The Imperial System used in UK also defines the same dimensions as the SI, but uses several different units: miles, feet, inches, stones, pounds, Fahrenheit degrees, etc.
In USA, the United States Customary System (also called USCS or USC) is a variant of the Imperial System that uses different units for fluids.
Since they define the same dimensions, conversions among these systems of units are possible
8th dimension: Angle; unit: Radian
There is an additional supplementary dimension in the SI, for angles. The SI committee has not yet fully agreed on the nature of this angular dimension, because it is considered dimensionless. However, it is required to represent Angular Velocity (rad/s), Angular Acceleration (rad/s2), Area Angle (m2st) and Power per Angle (W/st). Therefore we decided to incorporate it, treating angular units like normal base units. So we will consider eight base dimensions. The base unit for Angle is Radian (rad). There is also a derived unit for solid angle measurement, the Steradian (st), which corresponds to rad2.
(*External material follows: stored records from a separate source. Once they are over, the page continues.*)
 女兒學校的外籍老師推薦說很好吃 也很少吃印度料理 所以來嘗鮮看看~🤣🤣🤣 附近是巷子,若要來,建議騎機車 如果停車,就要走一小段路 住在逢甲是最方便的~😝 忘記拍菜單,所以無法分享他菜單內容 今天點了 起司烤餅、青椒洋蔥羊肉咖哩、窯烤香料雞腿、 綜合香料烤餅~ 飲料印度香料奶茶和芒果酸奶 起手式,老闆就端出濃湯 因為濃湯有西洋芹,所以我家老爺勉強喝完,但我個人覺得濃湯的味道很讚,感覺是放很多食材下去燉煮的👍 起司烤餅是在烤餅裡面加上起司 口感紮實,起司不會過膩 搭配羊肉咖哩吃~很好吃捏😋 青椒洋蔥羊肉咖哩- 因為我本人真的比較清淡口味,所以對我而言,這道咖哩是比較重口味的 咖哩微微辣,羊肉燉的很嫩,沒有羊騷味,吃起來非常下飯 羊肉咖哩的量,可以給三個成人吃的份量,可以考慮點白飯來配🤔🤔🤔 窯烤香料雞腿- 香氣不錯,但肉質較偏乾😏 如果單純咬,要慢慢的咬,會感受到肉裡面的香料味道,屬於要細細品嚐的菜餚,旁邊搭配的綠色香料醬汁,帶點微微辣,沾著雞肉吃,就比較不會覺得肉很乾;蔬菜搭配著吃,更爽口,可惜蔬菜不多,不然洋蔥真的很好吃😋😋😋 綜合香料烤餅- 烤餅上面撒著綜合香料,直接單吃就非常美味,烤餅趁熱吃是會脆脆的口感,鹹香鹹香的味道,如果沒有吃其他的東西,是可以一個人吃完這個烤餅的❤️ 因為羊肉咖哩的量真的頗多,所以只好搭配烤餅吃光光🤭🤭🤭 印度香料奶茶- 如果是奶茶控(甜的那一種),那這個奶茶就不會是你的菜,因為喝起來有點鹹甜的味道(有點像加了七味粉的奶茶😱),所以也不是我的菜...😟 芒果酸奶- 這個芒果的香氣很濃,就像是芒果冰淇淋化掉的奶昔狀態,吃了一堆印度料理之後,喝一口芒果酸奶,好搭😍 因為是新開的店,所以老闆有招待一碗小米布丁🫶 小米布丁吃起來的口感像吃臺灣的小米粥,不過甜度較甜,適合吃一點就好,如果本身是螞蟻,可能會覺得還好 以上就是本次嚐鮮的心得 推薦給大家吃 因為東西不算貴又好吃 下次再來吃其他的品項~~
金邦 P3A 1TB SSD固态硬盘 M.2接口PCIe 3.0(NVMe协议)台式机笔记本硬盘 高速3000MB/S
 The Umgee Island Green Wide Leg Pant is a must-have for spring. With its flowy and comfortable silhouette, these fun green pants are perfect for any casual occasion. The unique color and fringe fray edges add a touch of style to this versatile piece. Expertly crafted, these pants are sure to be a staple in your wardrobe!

When dealing with real-world entities, models need to take into account the inability to know, estimate or measure with complete precision the value of any quantity.
For instance, in physical systems measurement uncertainty normally arises in partially observable and/or stochastic environments, or when the system properties are not directly measurable or accessible.
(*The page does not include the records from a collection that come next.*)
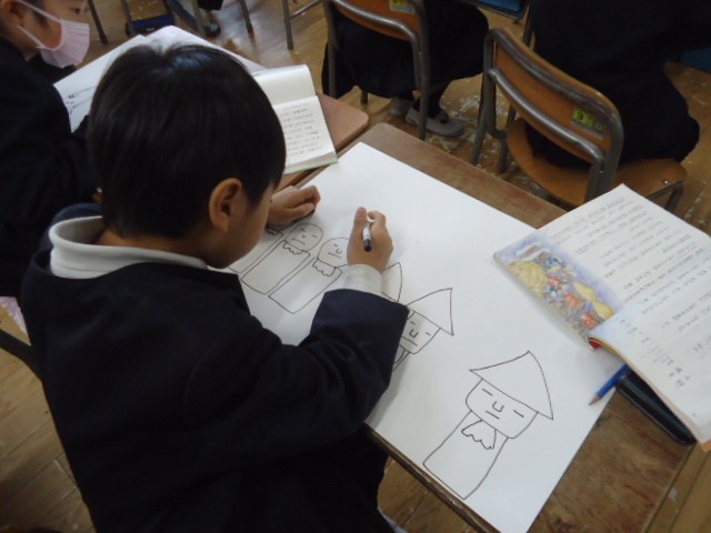 国語科の学習で読んだが「お手紙」や「かさじぞう」などのお話の絵を描きました。
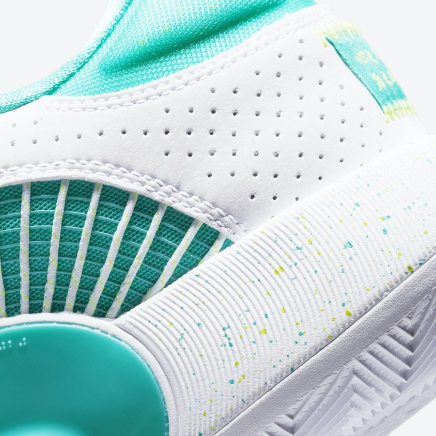 既然作为大侄子的 PE 配色,鞋舌处印也有着郭艾伦个人 Logo 和经典的 Jumpman Logo,熟悉的 “心之所向,身之所往” 字样也再度出现在后跟部分,彰显专属身份。
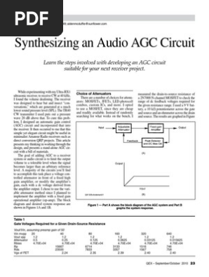 Synthesizing An Audio Agc Circuit Operational Amplifier Field Effect Transistor
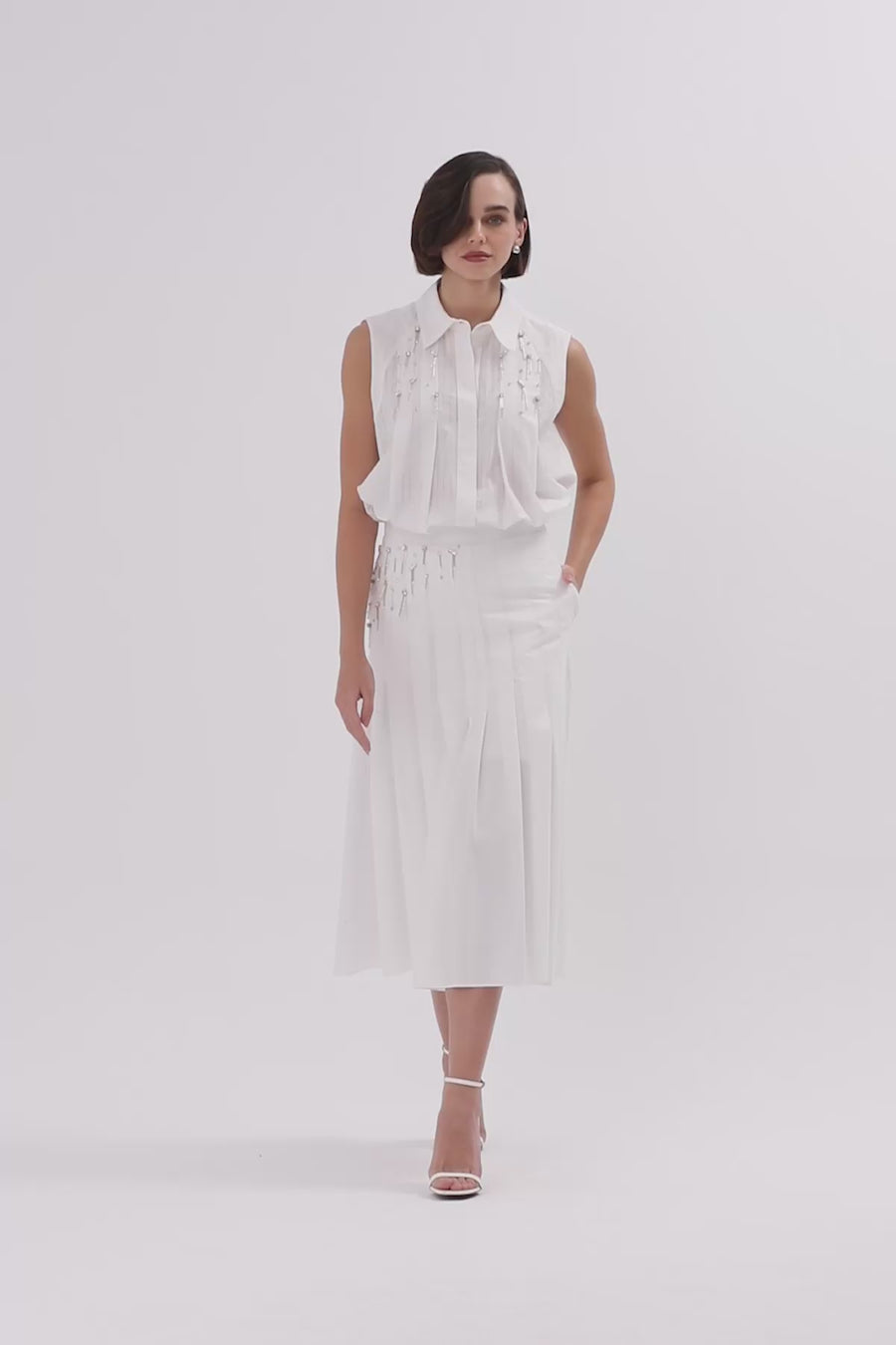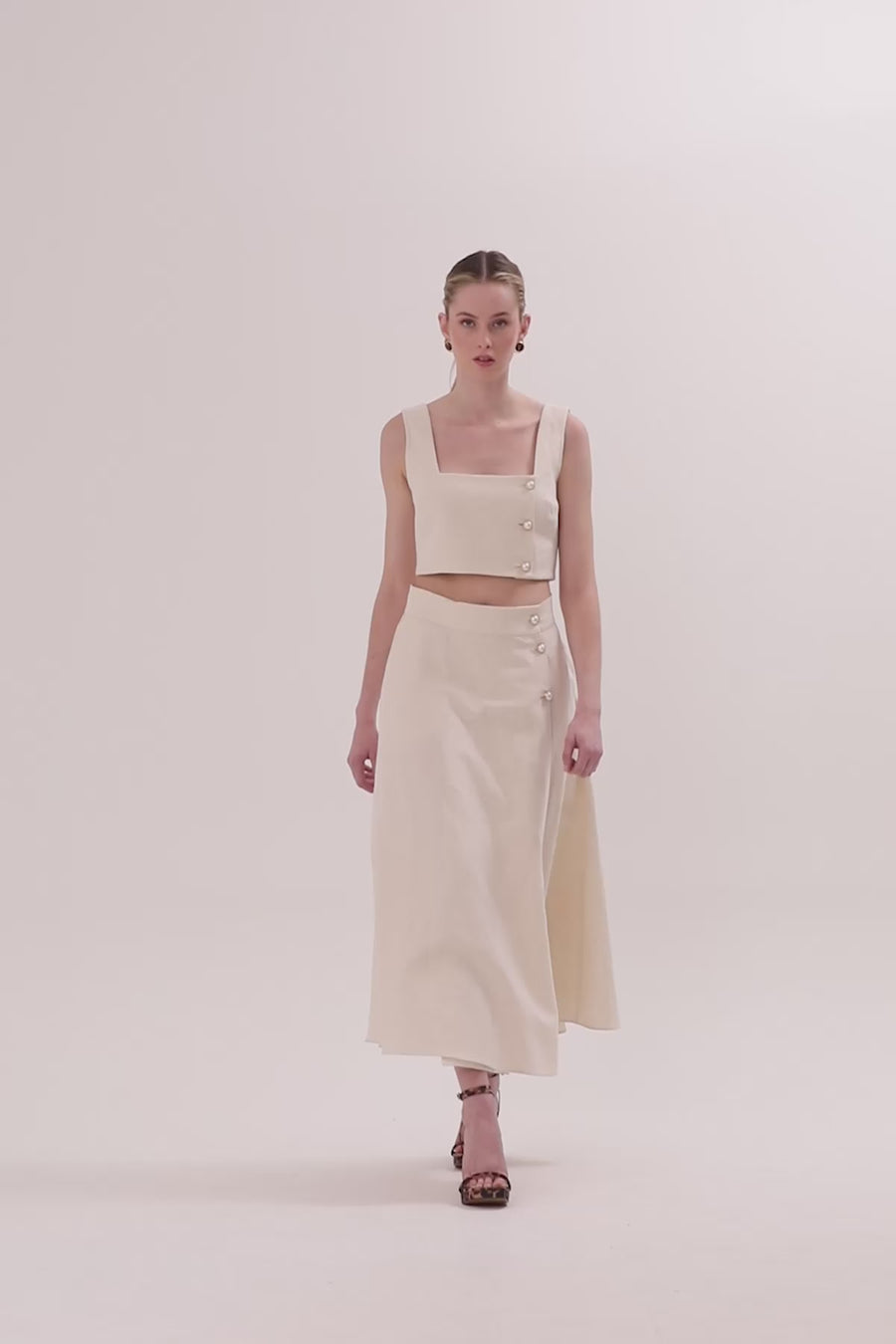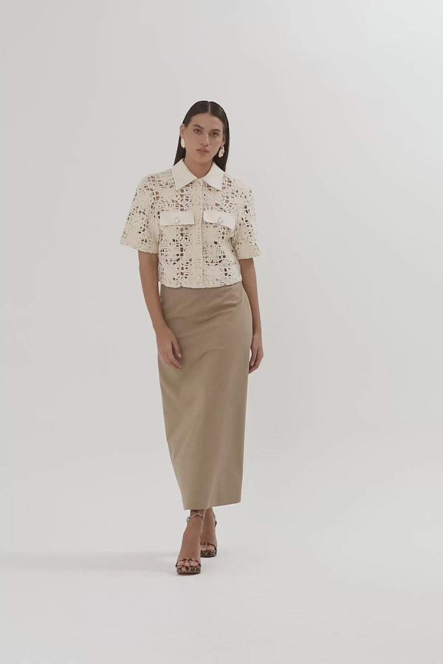 Yanları Yırtmaçlı Astarlı Midi Etek

On other occasions estimations are needed because the exact values are too costly to measure, or simply because they are unknown—for example, the duration of a given task in a software process or the life of a battery.
Sometimes values are based on expert judgments and estimations. Such estimates normally feature ranges, or intervals, not exact values, which determine the possible lower and upper bounds for the exact values, or are given by a probability distribution that represents a range of its variation.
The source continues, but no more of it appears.